Exercise aim: Your task is to return, word for word, only the lines from the line with "男性向けラノベタイトル風あだ名 | 『サキシ~年齢イコール彼女いない歴の魔法使い~』 |" through the close of the data. Exclude all pictures.

Provided records:
· · · ·
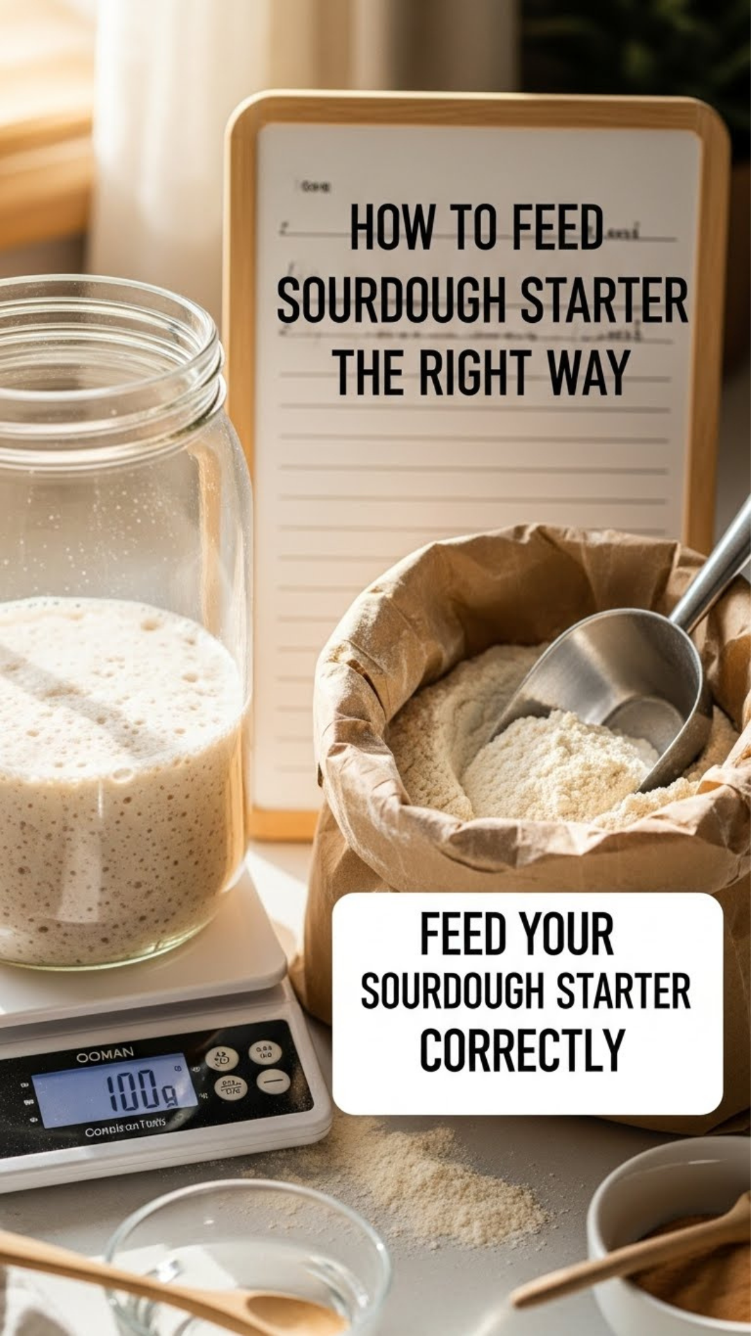 A healthy starter needs consistent feeding. Here’s the easiest method:
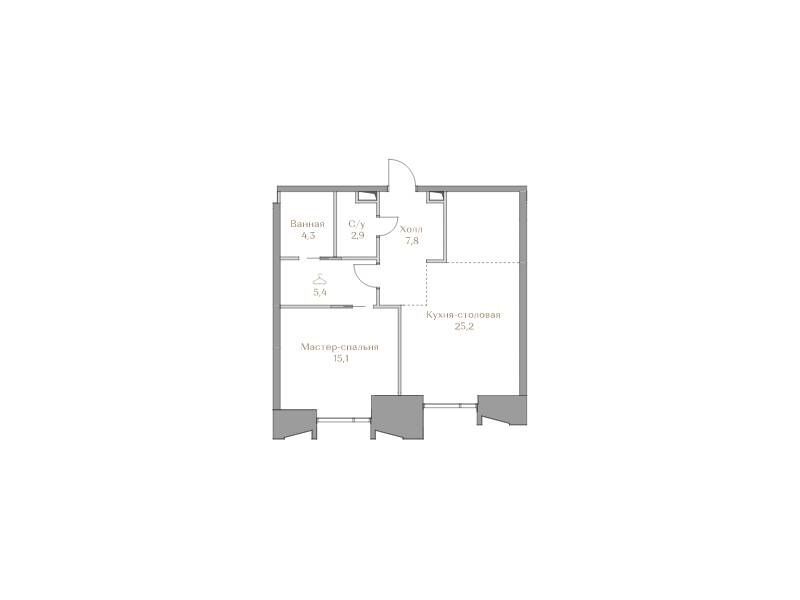 1-комнатная, 49.80 м²
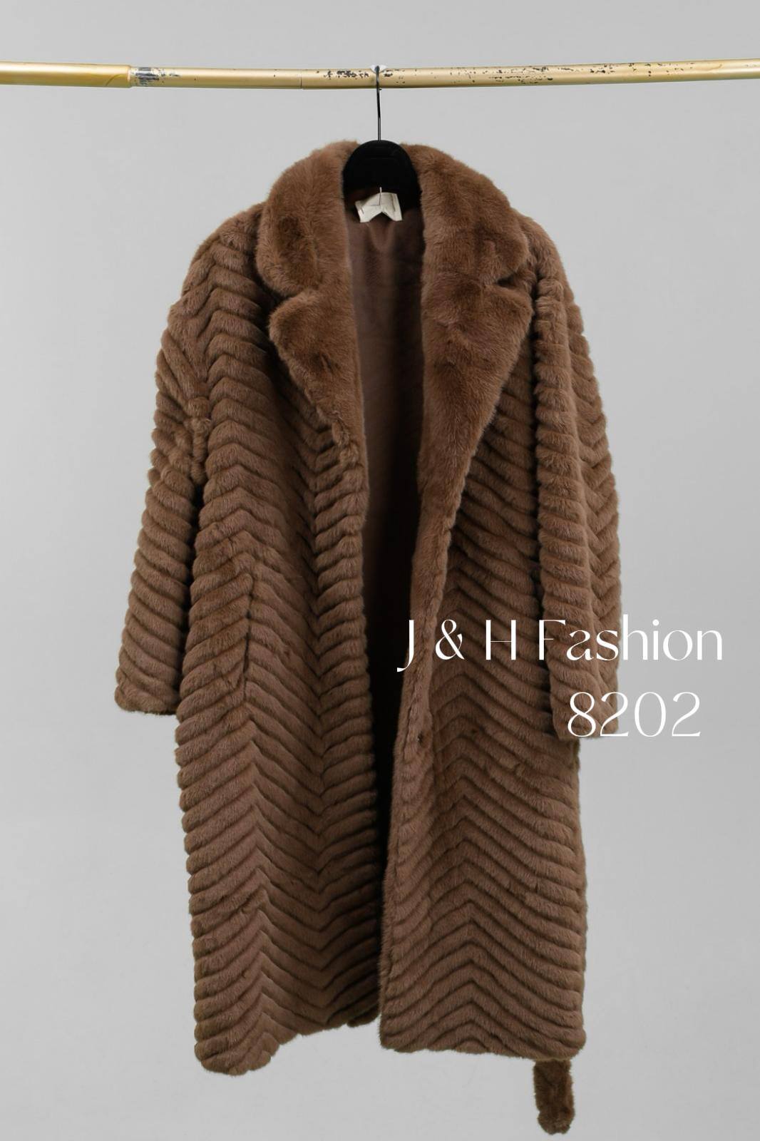 Cappotto in pelliccia finta con lavorazione striata, cintura e finitura interna in camoscio
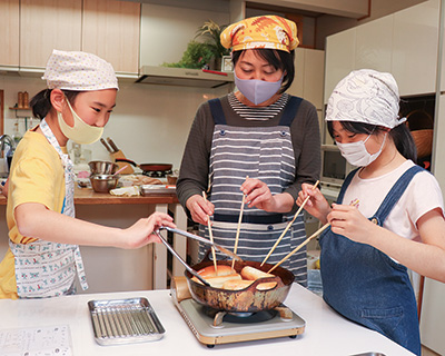 現在、会員は5歳〜中学生の約50人で、大阪から通う子もいます。高松小4年の石川遥萌(いしかわ はるも)さんは「お気に入りは、つぶしたゆで卵とマヨネーズの細巻き!」。高松小5年の田尻灯里(たじり あかり)さんは「特においしかったのが、パインとコーンのピザ。あと、にぼしで出汁を取ったみそ汁も」と笑顔です。
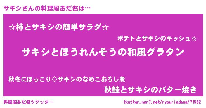 | 男性向けラノベタイトル風あだ名 | 『サキシ~年齢イコール彼女いない歴の魔法使い~』 |
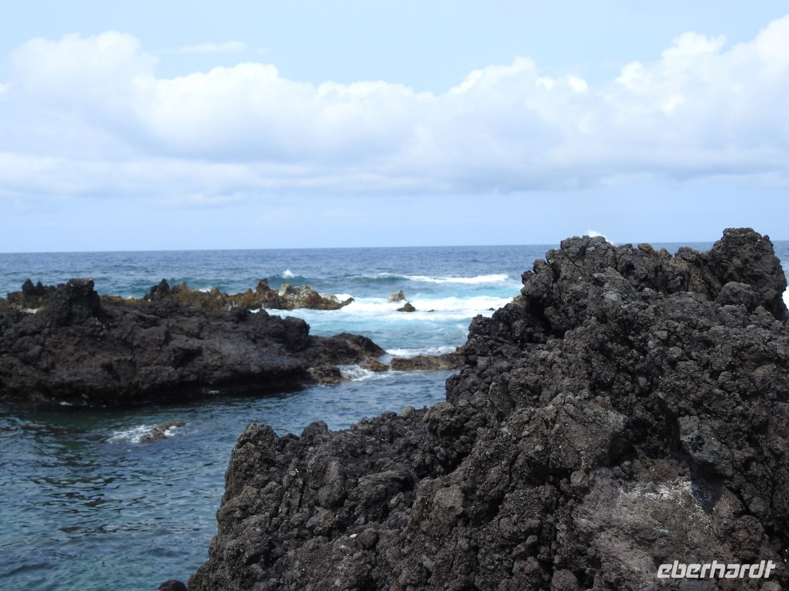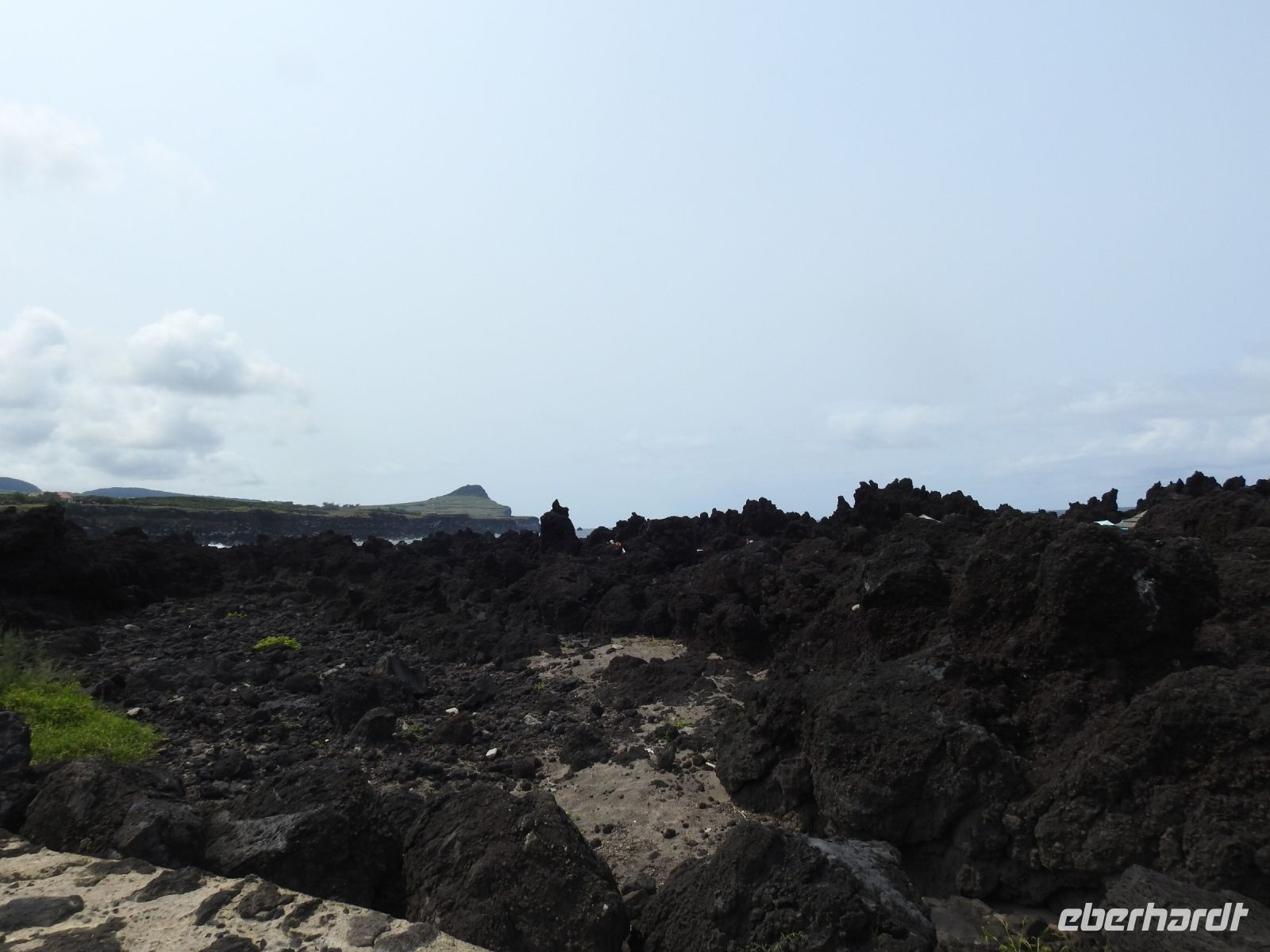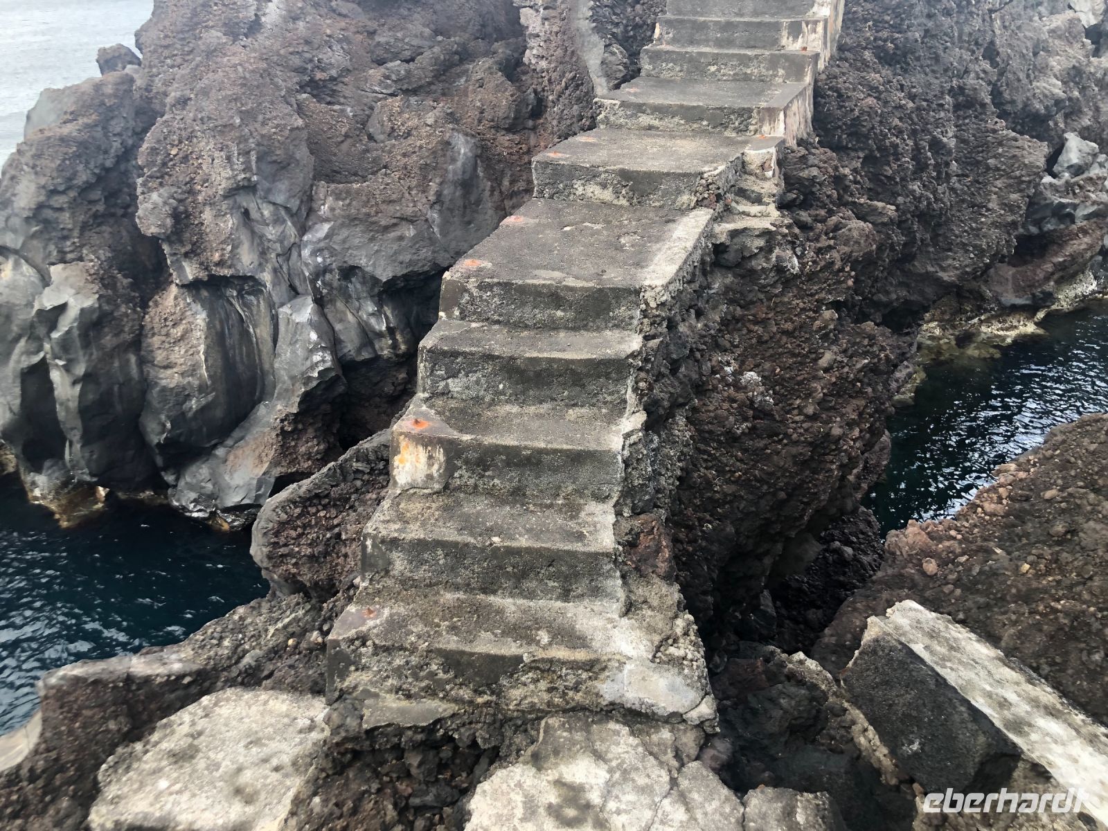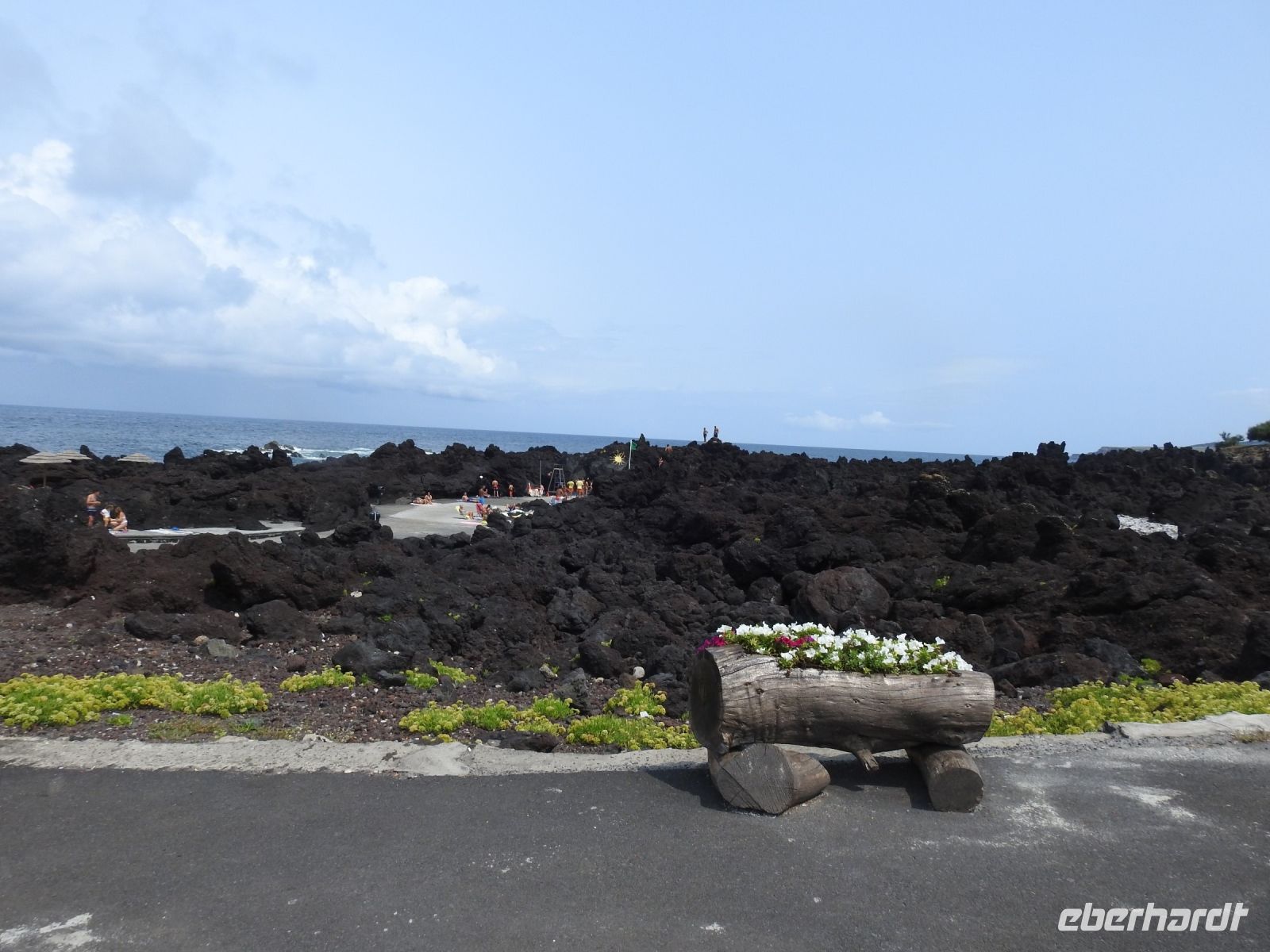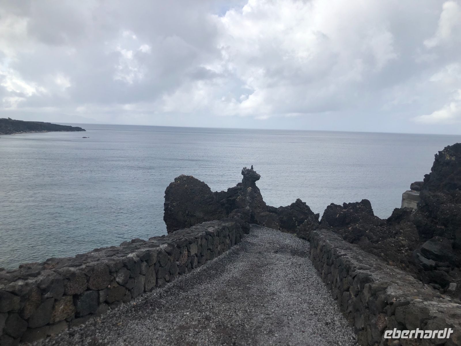 ein Zentimeter rechts, ein Zentimeter links - ich schwöre, mehr Platz war da nicht. Angar do Heroismo hat auch ein Stadion für Stierkämpfe, allerdings sollen die hier etwas anders ablaufen als in Spanien, also ohne blutiges Gemetzel. Wir fahren an der Küste entlang und werfen einen Blick auf die Ziegeninseln. Eigentlich waren die Beiden mal aus einem Stück, aber die tektonischen Bewegungen haben den Fels gespalten und auseinander driften lassen. Immer wieder sehen wir auch Meerwasserschwimmbäder - alle gut besucht.
· · · ·
Task result:
 | 男性向けラノベタイトル風あだ名 | 『サキシ~年齢イコール彼女いない歴の魔法使い~』 |
 ein Zentimeter rechts, ein Zentimeter links - ich schwöre, mehr Platz war da nicht. Angar do Heroismo hat auch ein Stadion für Stierkämpfe, allerdings sollen die hier etwas anders ablaufen als in Spanien, also ohne blutiges Gemetzel. Wir fahren an der Küste entlang und werfen einen Blick auf die Ziegeninseln. Eigentlich waren die Beiden mal aus einem Stück, aber die tektonischen Bewegungen haben den Fels gespalten und auseinander driften lassen. Immer wieder sehen wir auch Meerwasserschwimmbäder - alle gut besucht.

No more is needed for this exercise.